Is your acting a tribute to them in some way?
Everything I do is connected to my family, my child, and my ancestors. Without a doubt. We represent. It’s no joke when someone says represent—that’s a real thing. I take that quite seriously. My name is on something. My face is on something. I represent to my people.
How does that come through in Creed III?
In this picture, the character’s name is Damian Anderson. My mother’s maiden name was Terry Anderson. So the Andersons are half my family. I changed the name for that. So I’m always thinking about what my people are going to see—my nuclear family and the culture, what they’re going to see and what they’re going to feel with the roles I do and how I play those roles.
Growing up, what was the first performance you remember seeing that had a profound impact on you?
Church. And I was always in it, you know. There was a cool transition when I would pay more attention to the sermon than the praise and worship. The singing. Not everybody knows what praise and worship is. The choir.
Yeah [laughs].
And I remember when that happened. It happened quite young, when I was about six. I was no longer looking forward to the singing. I was trying to figure out what this person was going to say. I liked to watch what they were saying and how it was impacting people in the congregation.
What was it about those sermons that pulled you in?
Well, they all have a nice arc, don’t they? They have the slow part, the quiet part, the loud part, then the quiet part. That’s a movie. That’s essentially how movies go. This is the quiet part. This is the loud part. This is the loud, fast part. We’re cresting—this is the quiet part again. Thank you. Credits.
Right.
So watching that and feeling how that was moving through the congregation, and sometimes the organ comes in and that’s banging—I was looking at it as a bit of a dance, a party.

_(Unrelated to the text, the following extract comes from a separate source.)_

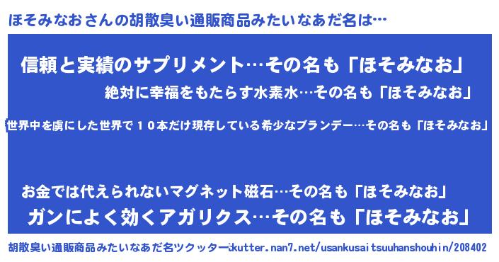 | 男性向けラノベタイトル風あだ名 | 『この素晴らしい世界にほそみなおを!』 |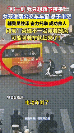 公交车上的孩子倒挂在车窗外,在危急时刻,好心人救了这个孩子!这一幕发生在张家界,一辆正在行驶的公交车的车窗,突然从里面掉出来一个孩子,孩子悬挂在了车窗外,情况非常危急,这时候一个骑车的男子扔下了车,跑到公交车旁,把孩子扶进了车内。实实在在说,这画面太惊险了,多亏这个好心男子见义勇为,否则这个孩子的后果不堪设想!

I could hear the nuance in the message, which was interesting to me. I like language. I like listening to how people talk, how they communicate. And I grew up in the South. So I was hearing the sermon, and I was hearing the homies in the street just talk crazy. That was also exciting to me.
Let’s talk about that nuance. How do you define it?
I think nuance is when you have two truths running at the same time, perhaps. That’s not the definition. But when you look at a character and you see two truths running parallel, sometimes those two truths may counter one another—they may not be saying the same thing, but they’re both truthful. That, to me, is interesting. That’s where you learn most about people. How great would it be if you could really understand somebody on two different levels at the same time? How much faster would we get to know each other?
When you take on a role, is that what it becomes for you—an attempt to bridge understanding between you and the audience?
The audience has to understand them. Otherwise, it’s essentially a bad performance. If you play a character that seems so fringe, if you can invite the audience to understand that character, that’s a lot more fun. And the reward is greater.